Monitoring register reads and writes

I have a really basic question that I hope somebody can answer. Say, I have a set of registers that I want to write and read on every clock cycle. It seems to me that would require a sequence item per clock cycle, but if that is the case, then the sequence item that monitors and returns the read data would be off by once cycle. In my particular application, in order to get the read data aligned with the read address, I ended up delaying the read address and the write enable by one cycle. That works great, but now my monitor has to deal with two sets of sequence items, one for the writes and one for the reads. Although this works, I suspect there is a better way of doing this. Can somebody please explain what that is?

In reply to RaulAguilarPA:

Your testbench should not define the protocol of your DUT interfaces. In your case your bus cycle has 1 clock cycle. You need a cycle to write the data and you need another clock cycle to read the data. If you want to read from the same address your address signal has to become 2 cycles long.

In reply to chr_sue:

Thank you for your prompt response. If I understand correctly, you are saying that my register reads should take two cycles. In fact, I do have that requirement when performing read-modify-write type of operations. But how do I model the case where software wants to do a burst read? For example, software could change the read address on every cycle and compensate for the fact that the address is one cycle behind the data. In that case, only the last read would need to take two cycles, all the previous reads could take only one cycle. In my implementation, since I use registered versions of the write address and write enable in my monitor tasks, my data and address always match regardless whether it is a burst read or single read. The drawback, of course, is that I have to maintain two sets of sequence items, one for the reads and one for the writes.

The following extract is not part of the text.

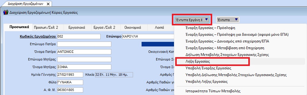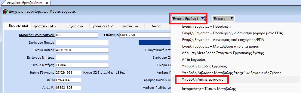 Στη συνέχεια μεταβείτε στην διαδρομή «Εργαζόμενοι/ Κύριες Εργασίες/ Διαχείριση Εργαζομένων» πατήστε το πλήκτρο Έντυπα Εργάνη II και επιλέξτε «Λήξη Εργασίας».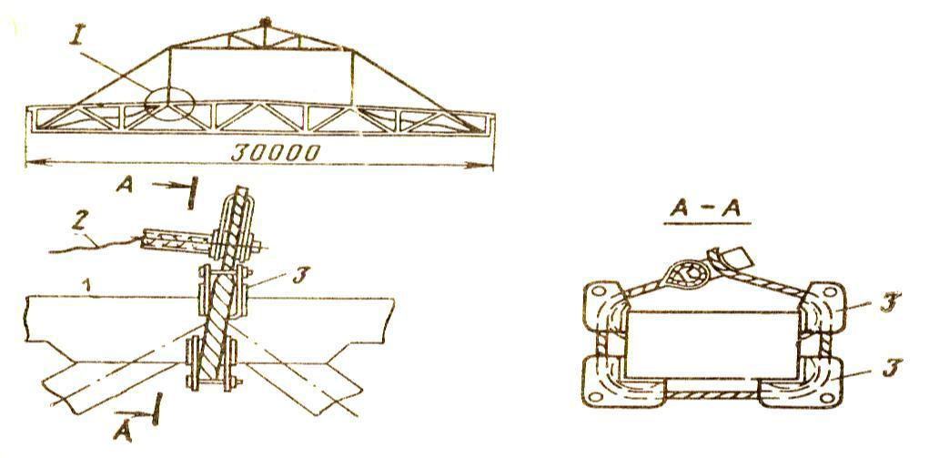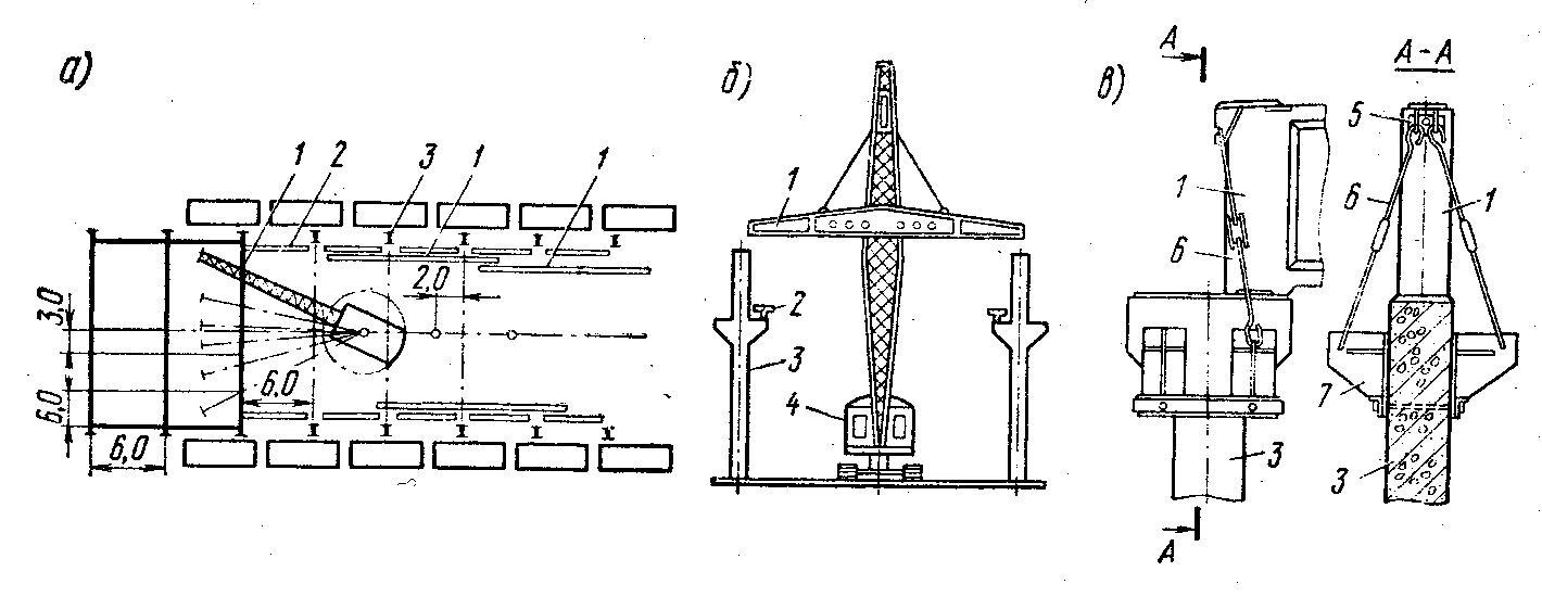 1 – стропильная балка; 2 – подкрановая балка; 3 – колонна; 4 – кран; 5 – захват; 6 – тяги со стяжной муфтой; 7 – кронштейн

In reply to RaulAguilarPA:

I did not say a read lasts 2 cycles. Finally it depends what your interface protocol requires. A burst read does not mean the data are valid in the same cycle as the address has been supplied. Look at a DDR memory. There is quite a number of cycles in between providing the cmd and the address and getting the read data. And I do not believe you have to use different seq_items for read and write. You can cover reads and writes with thhe same seq_item.